From the botanical section Sabina have been introduced in some countries also exotic species such as the Eastern juniper (Juniperus virginiana) native to North America, introduced in Europe in 1664, utilized as ornamental plant whose wood is employed for making pools, floors, extraction of essential oil, etc.
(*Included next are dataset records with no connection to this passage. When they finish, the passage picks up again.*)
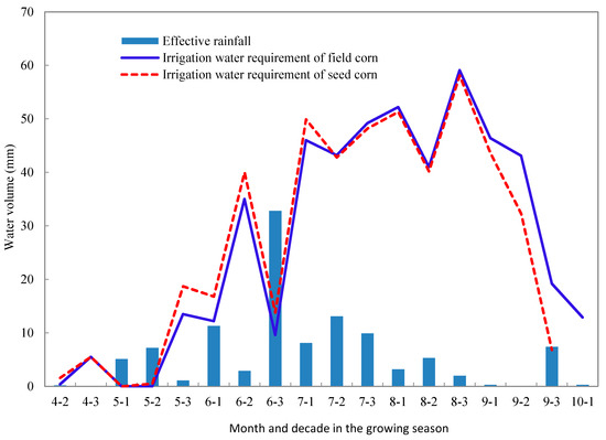 Irrigation water requirements of seed corn and field corn. Note: The meanings of figures in the horizontal axis are similar to those in Figure 3.
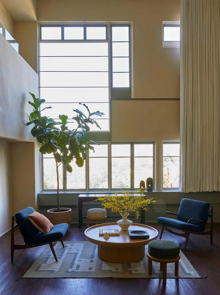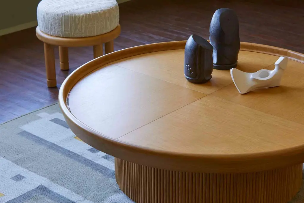 Oak Ojai Coffee Table by Lawson-Fenning. The Ojai coffee table features a round top with marquetry and a drum-shaped base with tambour details. Available in American walnut or white oak. The Lawson-Fenning Collection is designed and handmade in Los Angeles, California. Reach out to discover what options are currently in stock.
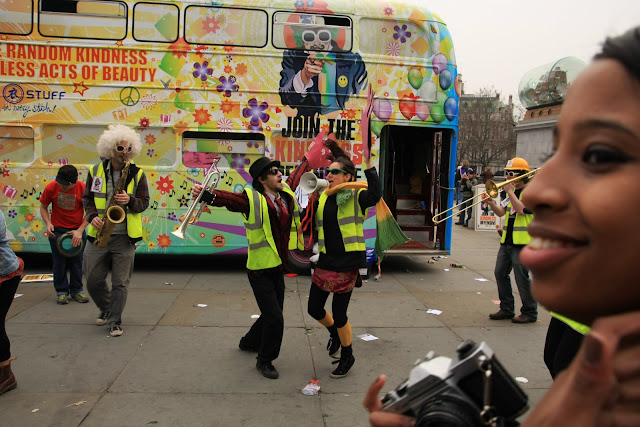 Em trafalgar square o protesto era um pouco diferente. Um double-decker convidava "join the kindness offensive". Voluntários ofereciam música, festa e free hugs.
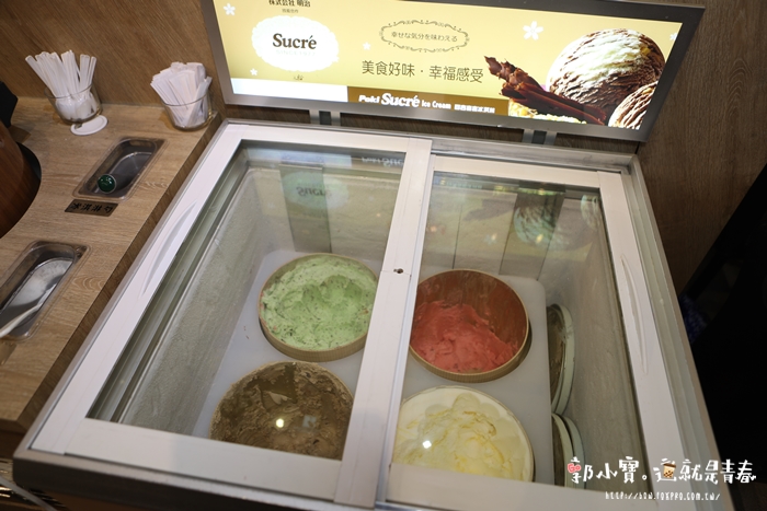 | 冰淇淋則是跟明治技術合作的冰淇淋,總共有四種口味可以選擇。 |
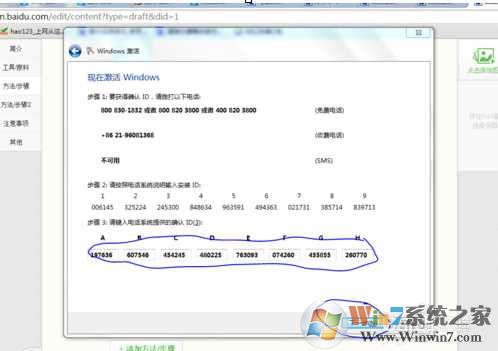 6、接下來就是需要你撥打電話,建議你撥打免費(fèi)電話,手機(jī)撥打800開頭的,座機(jī)撥打400開頭的。通話過程中按照提示進(jìn)行操作,語言1產(chǎn)品2,接著輸入安裝ID(就是剛剛的Windows激活窗口中的第二條信息,共54位),輸完54位數(shù)字后,也許會(huì)問你是不是在同一臺(tái)機(jī)器上重新安裝系統(tǒng),請(qǐng)選是,即1, 是不是已經(jīng)卸載了前一個(gè)安裝,請(qǐng)選是,即1。注意:若不按照上面提醒操作,就不會(huì)得到48位數(shù)字,并且會(huì)轉(zhuǎn)接到人工服務(wù)(人工服務(wù)你是不可能激活的了的,難道你說我是網(wǎng)上找的密鑰嗎?),這樣你激活就會(huì)出現(xiàn)困難了! 等待為你回應(yīng)提供48位激活碼,記錄下來后,在激活窗口中輸入,點(diǎn)擊下一步,您的windows 7即可激活成功。 得到48位激活碼。winwin7.com
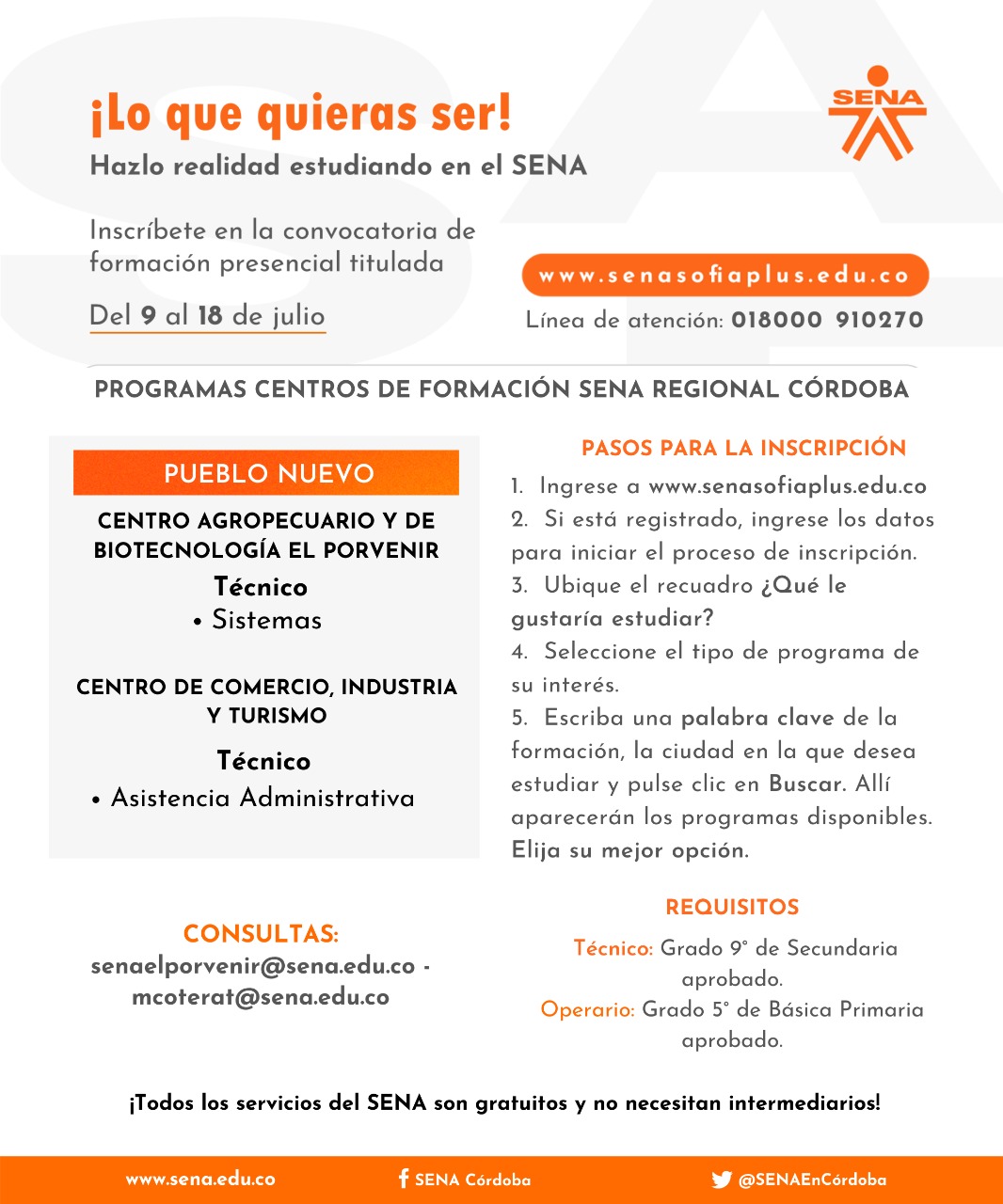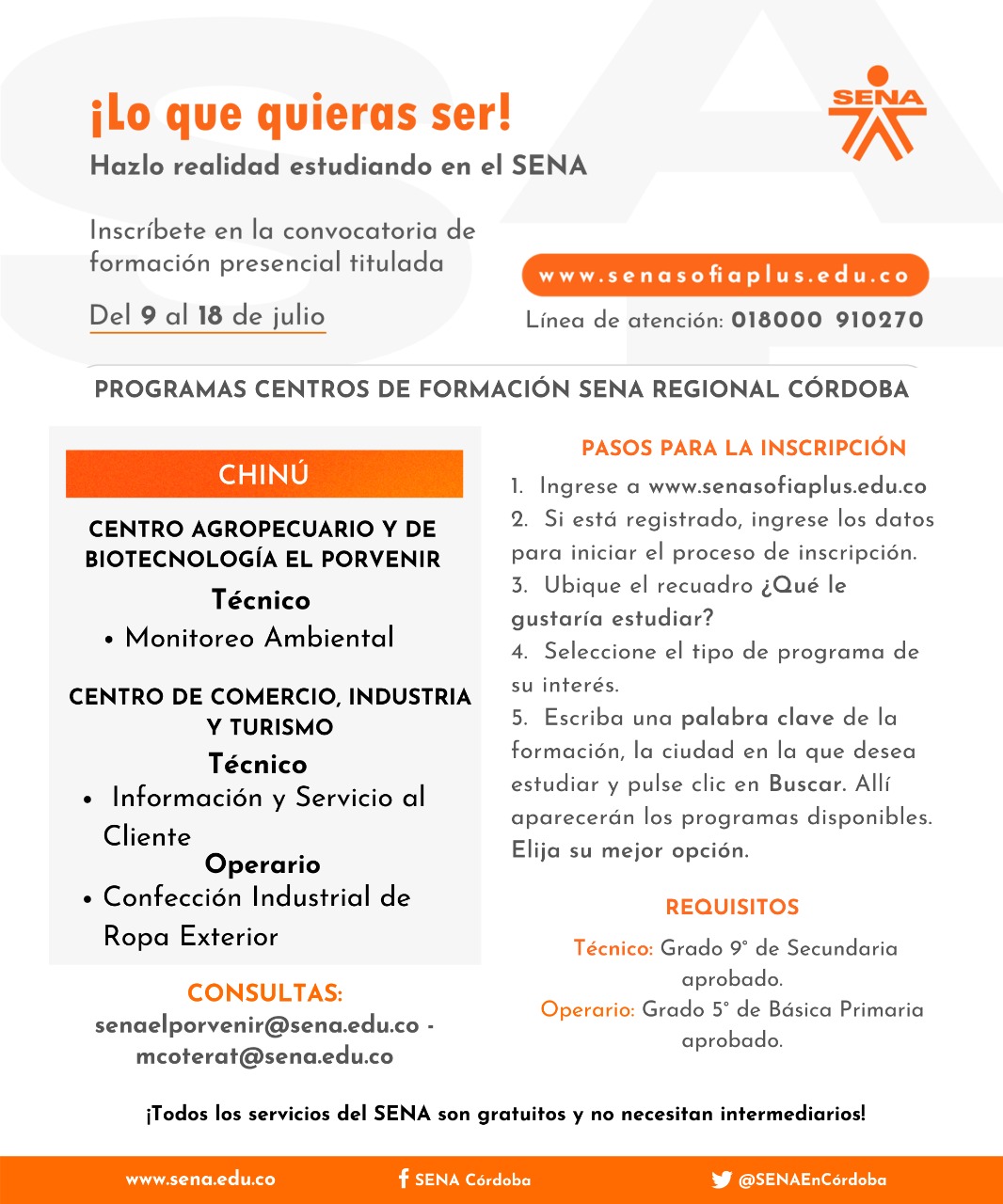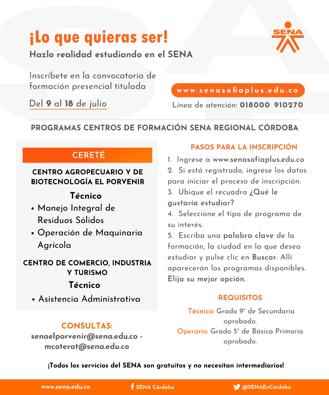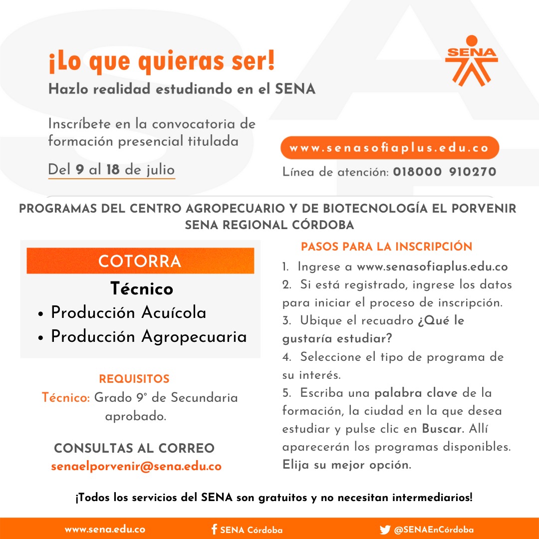 Para más información sobre la convocatoria del SENA comuníquese en Bogotá al 3430111 y en el resto del país al 018000-910-270. Para consultas relacionadas con los programas del Centro Agropecuario y de Biotecnología El Porvenir, puede escribir al siguiente correo: senaelporvenir@sena.edu.co Y para consultas del Centro de Comercio, Industria y Turismo, puede comunicarse al correo: mcoterat@sena.edu.co Atención vía WhatsApp: 3235316894.

Always in the parks and in the gardens are cultivated also Juniperus chinensis (from China) and Juniperus excelsa (from Balkans, Asia Minor and Caucasus).
Synonyms: Juniperus lycia L. (1753); Oxycedrus licia Garsault (1764); Juniperus phoenicea var. lobelii Guss. (1826); Juniperus phoenicea fo. megalocarpa Maire (1941); Juniperus turbinata Guss. (1844); Juniperis oophora Kunze (1846); Juniperus phoenicea var. lycia (L.) St.-Lag. (1847); Juniperus phoenicea var. sclerocarpa Endl. (1847); Juniperus myosuros Sénécl. (1854); Juniperus bacciformis Carrière (1855); Juniperus phoenicea var. pyramidalis Carrière (1855); Sabina bacciformis (Carrière) Antoine (1857); Sabina lycia (L.) Antoine (1857); Sabina phoenicea (L.) Antoine (1857); Juniperus langoldiana Gordon (1862); Juniperus malacocarpa Carrière (1867); Cupressus tetragona Humb. & Bonpl. ex Carrière (1867); Juniperus phoenicea var. turbinate (Guss.) Parl. (1868); Juniperus phoenicea subsp. turbinata (Guss.) Nyman (1881); Cupressus devoniana Beissn. (1891); Juniperus myurus Beissn. (1891); Juniperus phoenicea var. prostrata Willk. (1893); Sabinella phoenicea (L.) Nakai (1938); Juniperus phoenicea subsp. eumediterranea P. Lebreton & Thivend (1981); Juniperus turbinata subsp. canariensis (Guyot & Manthou) Rivas Mart.,Wildpred & P. Pérez (1993).